Minnesota State "hosted" MSU-Moorhead April 7th at Gustavus. The Mavericks have yet to play a game in Mankato. |
Due to the “normal” spring weather that Minnesota has provided, both squads are scrambling just get as many games in as they can.
According
to MSU baseball head coach Matt Magers the team doesn’t expect they will be
playing where their schedule says anymore. After getting 14 games in the
Metrodome and eight games down in Florida in March, the squad has only played
on their own field for four games.
Back near the end of March, the Mavericks had a four-game conference series slated with Northern State, but both teams didn’t have a playable
field. The Mavericks and the Wolves ended up driving to Rapid City, S. D., home of junior
outfielder Parker Sullivan, to get those games in.A week later the team found themselves in the same situation as the University of Mary didn’t have a playable field so they drove an hour and a half west of Bismark, N.D., to Dickinson, N.D., for the doubleheader.
Mapquest tells us that the Mavericks drove more than 2,100 miles to get those six games in.
On April 14-15, the Mavericks had to go south to Sioux City, Iowa for their four games against Southwest Minnesota State.
“It can take a toll on the body, sitting there for so many hours, but we just want to get out and play. We will drive that distance just to get some games in,” said utility infielder Lucas Skjefte.
Senior catcher Ben Keller has accepted all the challenges they have faced this season with the traveling and they just have to roll with it.
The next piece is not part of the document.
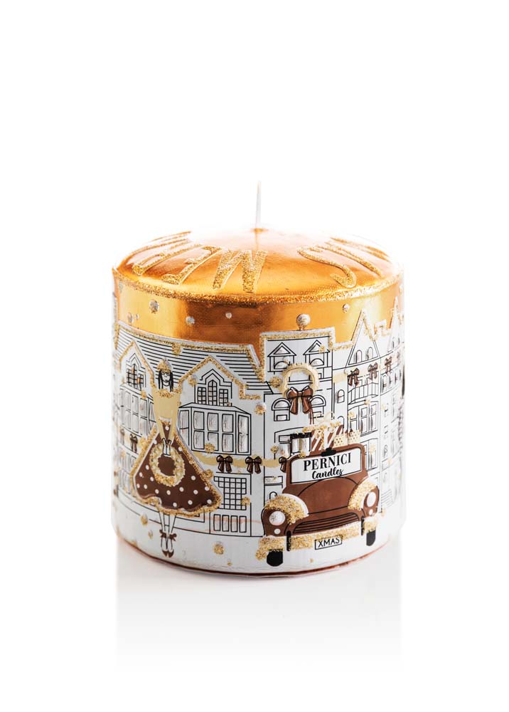 La candela natalizia Pernici, realizzata a mano con cura artigianale, è un raffinato elemento decorativo capace di creare un’atmosfera calda e suggestiva. Dopo l’accensione, la fiamma diffonde una luce morbida che filtra attraverso la cera, illuminando la decorazione applicata e dando vita ai paesaggi natalizi raffigurati sulla superficie.

“It’s nothing like playing at home, but we deal with it,” Keller said. “It’s baseball and we are young guys.”
The
softball team has found themselves in a similar situation, but the team has been fortunate enough to use sports domes to
get its games in. The Mavericks have played four games in Rochester, Minn., at the
RCTC Dome, six games at the sports dome in Savage, Minn., and they traveled to Saint Peter, Minn., to use Gustavus’s turf football
field for games vs. Northern State and MSU-Moorhead, respectively.
Softball
head coach Lori Meyer has been through this before in her 28 seasons here and
it’s just something the team needs to work through.“We’ve had other difficult springs, but I think it’s much more glaring this year because the last couple of years we haven’t had that many (cancellations) and again with the expanded schedule and travel this one has been a challenge,” said Meyer.
The overall atmosphere going through the two squads is frustration, especially for the softball team as they haven’t even had a home game at MSU so far this season and we're nearing the end of April.
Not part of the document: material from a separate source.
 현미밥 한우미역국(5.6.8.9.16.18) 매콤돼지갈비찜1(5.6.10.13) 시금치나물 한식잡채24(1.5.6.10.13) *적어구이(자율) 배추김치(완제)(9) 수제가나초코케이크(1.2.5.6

“We are just really frustrated at this point and we just want to be able to play outside. I couldn’t imagine being a senior and not being able to have a home game in your last season,” said junior infielder Lindsay Erickson.
To look at it in a positive way, both teams are having the most luck getting games in in the NSIC. The baseball team has put in 18 conference games in the books and that is the most in the conference, compared to teams like Minot State who has only played eight.
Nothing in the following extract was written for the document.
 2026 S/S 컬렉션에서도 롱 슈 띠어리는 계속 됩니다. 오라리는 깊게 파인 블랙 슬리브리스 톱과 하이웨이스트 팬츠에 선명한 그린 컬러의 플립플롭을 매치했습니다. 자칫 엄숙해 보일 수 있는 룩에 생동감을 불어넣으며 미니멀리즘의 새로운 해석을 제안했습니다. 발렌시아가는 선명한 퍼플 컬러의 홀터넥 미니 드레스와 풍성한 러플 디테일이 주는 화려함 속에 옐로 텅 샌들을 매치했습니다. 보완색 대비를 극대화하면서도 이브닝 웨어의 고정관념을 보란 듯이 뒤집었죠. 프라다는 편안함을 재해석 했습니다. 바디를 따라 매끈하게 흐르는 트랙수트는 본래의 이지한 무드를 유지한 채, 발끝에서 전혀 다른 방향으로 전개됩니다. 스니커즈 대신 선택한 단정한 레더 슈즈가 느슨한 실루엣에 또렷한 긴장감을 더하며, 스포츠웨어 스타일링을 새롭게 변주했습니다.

“We think it’s pretty bad here, but it’s worse somewhere else and that’s the case with some teams in our conference haven’t played a home game yet and they might not this year,” Magers said.
Even though this isn’t what the teams has signed up for, some of the players have embraced all of the driving and traveling as they enjoy the time they have with their teammates.
“Some of the best times we have are on the bus rides, 10 hours out to Bismark or out to Rapid City. We have a lot of fun on the bus and kind of enjoy that,” Skjefte said.